Copy the records word for word, omitting all pictures.

(Collected data entries)
■ ■ ■

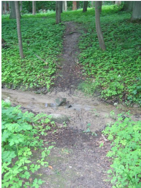
Phot.4 The stoned passage over the stream, close to the fence.
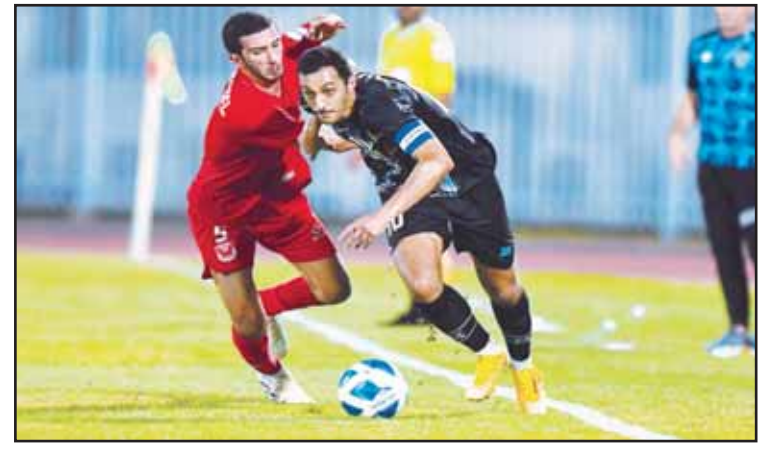
Players battling for the ball during Zain Premier League game.

Al-Salmiya and Al-Fahaheel, who played out a thrilling 2-2 draw in their first meeting, are determined to avoid slipping into the relegation zone and solidify their place in the championship race.
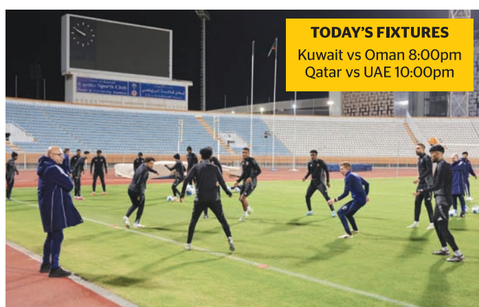
Qatar players during a training session in Kuwait City yesterday.
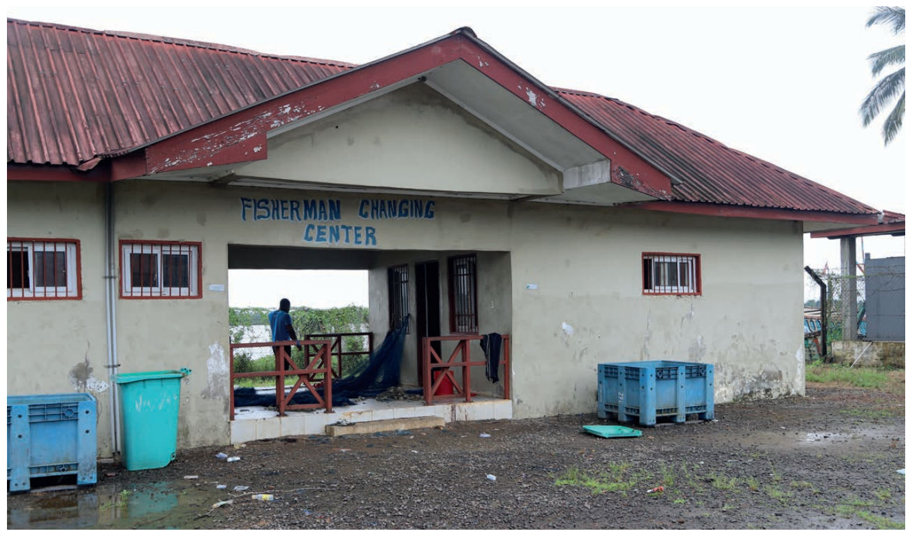
Fishermen changing centre at the Robertsport Fish Landing Cluster
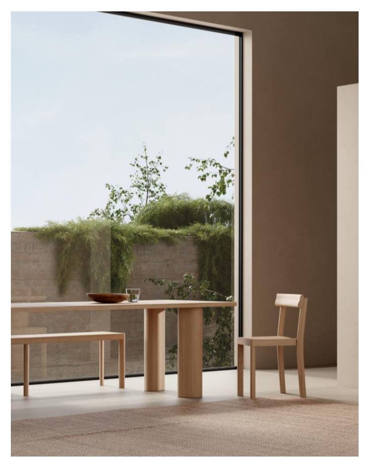
"Galta" Collection for Kann Design - SCMP Design Office
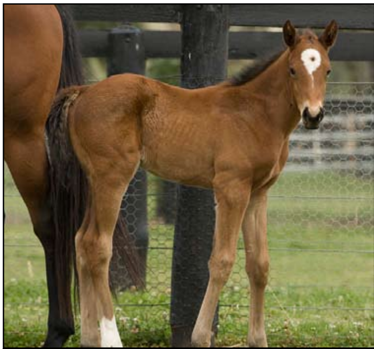
Bay filly by Danzero x Bella Costa. Foaled 2-Oct. Photo 16 Oct. The daughter of a winning half-sister to NIAGARA FALLS .
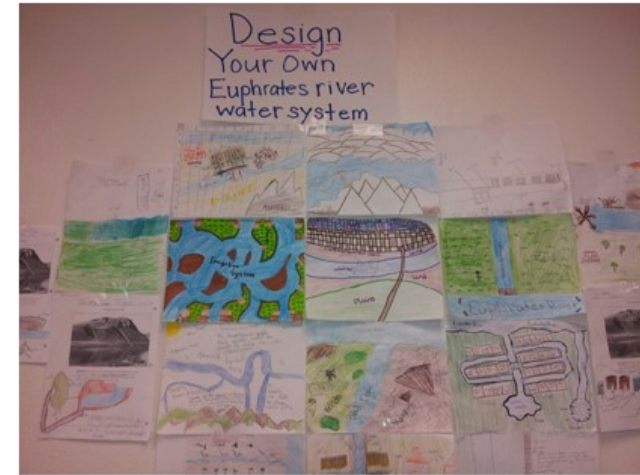
Student work is always displayed in each teacher's classroom.
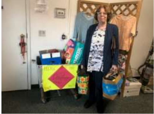
Above: Delivery of children's clothing collected during Lent to MACC.

The Missions Committee would like to thank all who donated children's clothes for MACC on Palm Sunday. We were able to deliver several boxes and bags of clothes to them and they were very grateful for our donation.
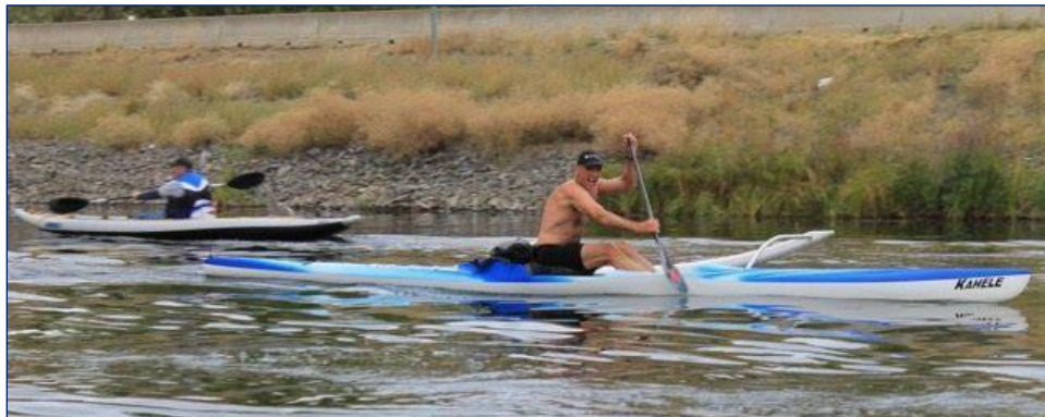
Channel Parkway 10KM Small-Boat Competition

PRCC has hosted a Channel Parkway 10KM small-boat event between Skaha Lake and Okanagan Lake designed to take advantage of the winds that the South Okanagan traditionally gets in the Autumn months where the race direction is determined by which way the wind is blowing. [25]

■ ■ ■

> _Answer box_:
Phot.4 The stoned passage over the stream, close to the fence.
Players battling for the ball during Zain Premier League game.

Al-Salmiya and Al-Fahaheel, who played out a thrilling 2-2 draw in their first meeting, are determined to avoid slipping into the relegation zone and solidify their place in the championship race.
Qatar players during a training session in Kuwait City yesterday.
Fishermen changing centre at the Robertsport Fish Landing Cluster
"Galta" Collection for Kann Design - SCMP Design Office
Bay filly by Danzero x Bella Costa. Foaled 2-Oct. Photo 16 Oct. The daughter of a winning half-sister to NIAGARA FALLS .
Student work is always displayed in each teacher's classroom.
Above: Delivery of children's clothing collected during Lent to MACC.

The Missions Committee would like to thank all who donated children's clothes for MACC on Palm Sunday. We were able to deliver several boxes and bags of clothes to them and they were very grateful for our donation.
Channel Parkway 10KM Small-Boat Competition

PRCC has hosted a Channel Parkway 10KM small-boat event between Skaha Lake and Okanagan Lake designed to take advantage of the winds that the South Okanagan traditionally gets in the Autumn months where the race direction is determined by which way the wind is blowing. [25]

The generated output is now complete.